Con esta declaración se despejan dudas y quedan patentes la admiración y el cariño del escritor por el cámara. Esta es una constante a lo largo de las páginas del libro: Pérez-Reverte detalla sus movimientos, sus gestos, sus expresiones; relata anécdotas e historias pasadas vividas en común y describe la técnica de Márquez usando frecuentes explicaciones en lenguaje audiovisual: foco, plano, movimientos de cámara, transiciones, audio, etc. Destaca su frialdad en momentos en los que el reportero se juega, literalmente, la vida, por no desperdiciar el segundo que lleva días, meses o años esperando. Y es que “lo que pasa, pasa en ese segundo, no se puede volver atrás y empezar con un folio en blanco”, dice Márquez en una reciente entrevista para RTVE.
La guerra de los reporteros
En el fondo, Márquez es la personalización de un homenaje a todos esos reporteros —algunos ya no viven— que va citando a lo largo del libro: Paco Custodio, Gervasio Sánchez, Julio Fuentes, Miguel Gil, Enrique del Viso, Miguel Ángel de la Fuente, Leguineche, Ovalle, Fernando Múgica, Josemi Díaz, Eguiagaray y muchos más, españoles y extranjeros.
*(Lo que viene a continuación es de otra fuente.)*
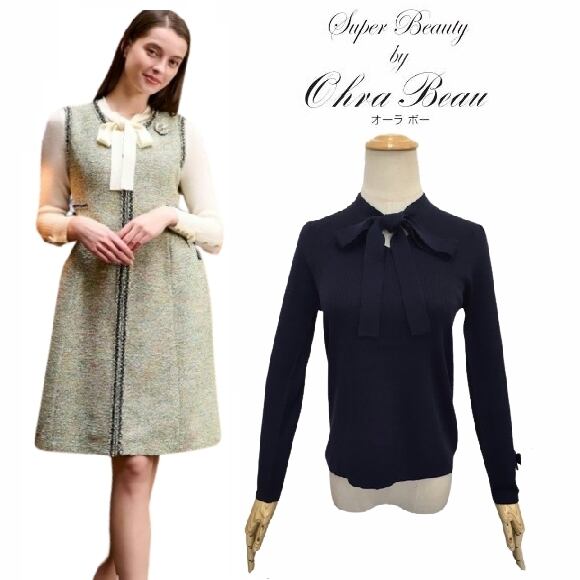 スーパービューティー ニット リボンタイ 袖リボン 金ボタン 2321024 ネイビー 2023年秋冬 大人かわいい服 大人スタイル レディース キレイメ アパレル 女性 M L LL Super Beauty 30代 40代 50代 60代
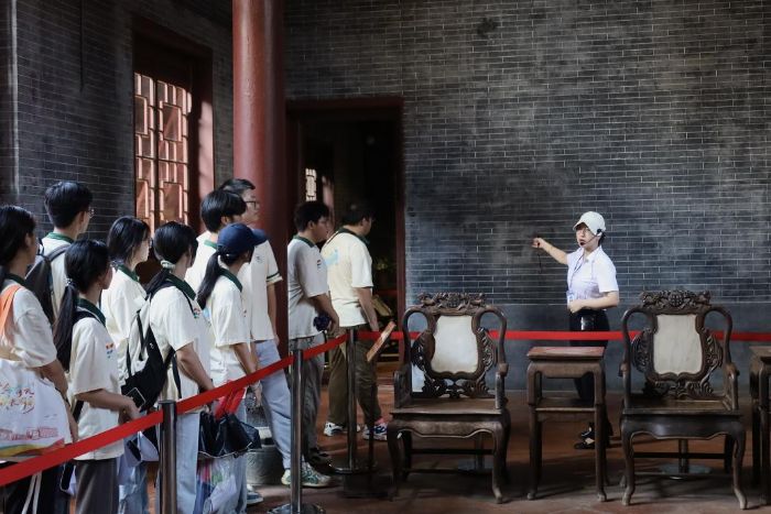刘永福故居(三宣堂)作为全国重点文物保护单位和国家级爱国主义教育基地,始建于清光绪十七年(1891年),是钦州市现存规模最大、保存最完整的清代建筑群。实践团成员在讲解员的引导下,依次参观了头门、二门、拒贿庭、请缨堂等核心区域,细致观摩了119间厅房内的壁画、木雕等艺术珍品,深入了解刘永福从反清义军领袖到抗法抗日民族英雄的传奇人生。
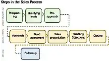 The first text to outline the steps in the selling process was published in 1918 by Norval Hawkins.[18] The basic steps, which have changed only a little since Watkins first proposed them, are prospecting, qualifying leads, preapproach, approach, need assessment, presentation, meeting objections, closing the sale and following up.[19]
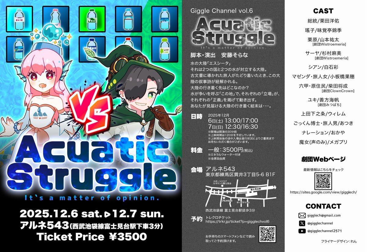12月の公演内容詳細をようやくお届けできます。 多くの方にご覧いただけたら幸いです。 ■タイトル: GiggleChannel Vol.6『Aquatic Struggle』 ■あらすじ: 水の大陸「エスシータ」 それは2つの国と2つの水が対立する大陸。
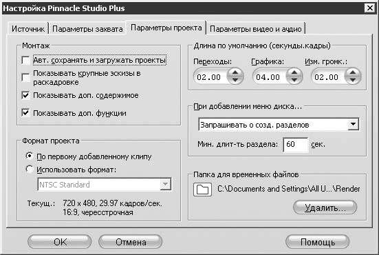 По умолчанию формат проекта определяется по формату первого добавленного в проект фрагмента видео. Часто это является наилучшим вариантом. Но можно также вручную указать формат проекта. Для этого воспользуемся окном Настройка Pinnacle Studio Plus (рис. 1.9). К нему мы будем обращаться еще много раз. Параметры проектов, в том числе и формат, устанавливаются на вкладке Параметры проекта. Открыть окно параметров сразу на показанной на рисунке вкладке можно с помощью команды меню Настройки → Параметры проекта.
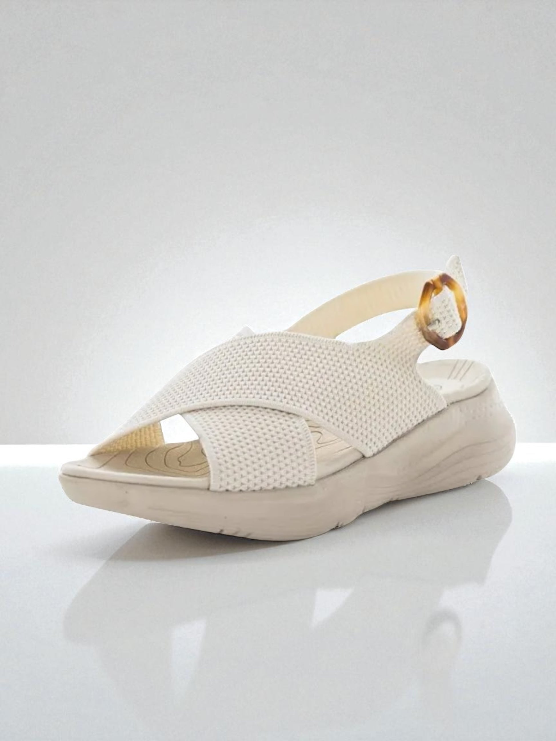 Wilde Saime is all about cool comfort with its waffle cotton crossover straps and slingback style. An elasticised buckle gives the perfect fit, while the cushioned insole and lightweight sole keep every step easy. Finished on a 45mm lift – just enough height, all-day wearable.

El lector no deja de preguntarse qué diablos es lo que mueve a esta gente a arriesgar tanto para dar una noticia, qué clase de impulso los empuja o los mantiene alejados de sus familias en territorios tan hostiles.
El autor relata experiencias e historias vividas con ellos en la antigua Yugoslavia y en otras guerras, en otros lugares. Traza perfiles en cuatro líneas y suele hacerlo en clave positiva. Una excepción es Ángela Rodicio, la Niña Rodicio como la llama, una joven inexperta en aquellos momentos, capaz de decir que los B-52 (aviones de más de 80 toneladas de peso) bombardean en picado, con actitud prepotente y tendencia a hablar mal de compañeros y grandes reporteros. La verdad es que casi nadie ha desmentido las palabras de Pérez-Reverte, que parece haberse tomado su particular venganza en esta obra.
Los hoteles en los que se alojan los periodistas —la tribu— son otra fuente de inspiración: Beirut, Managua, Bucarest, Kuwait, Buenos Aires, El Aaiún, Vukovar, Bagdad, Zagreb, Sarajevo y un largo etcétera. Relata la vida en ellos, la convivencia a veces difícil por la competencia la solidaridad y el miedo. Usa la jerga del oficio como solo alguien que haya estado allí, y sea de la tribu, puede hacerlo: salir a buscar la noticia —ir de shopping— o apurar las situaciones al máximo (“tres bombas más y nos vamos”). El hotel es para dormir, comer si hay comida, ducharse si hay agua y para refugiarse cuando las cosas vienen muy torcidas y la artillería o los bombarderos no dan tregua, pero no para narrar la guerra, viene a decir el periodista, porque ésta solo se cuenta desde donde ocurren las cosas, sin olvidar, eso sí, que lo peor es no regresar: “Porque todos los reporteros, cuando los matan, dejan en el hotel la cuenta sin pagar, camisas sucias en el armario, un mapa clavado con chinchetas en la pared y una botella de whisky sobre la mesilla de noche”.
Experiencia y riesgo
La experiencia del autor como periodista y reportero es la espina dorsal de la novela porque no se entiende, o resulta complicado hacerlo, que alguien ajeno al reporterismo de trincheras alumbre una obra como Territorio Comanche, por muy bien que escriba y mejor se haya documentado. El texto destila oficio por sus cuatro márgenes, y solo con ese oficio es posible guardar el equilibrio entre cumplir con la información y no caer en el intento; es el eterno dilema, según Pérez-Reverte: demasiado lejos no hay imagen y demasiado cerca puede ser letal.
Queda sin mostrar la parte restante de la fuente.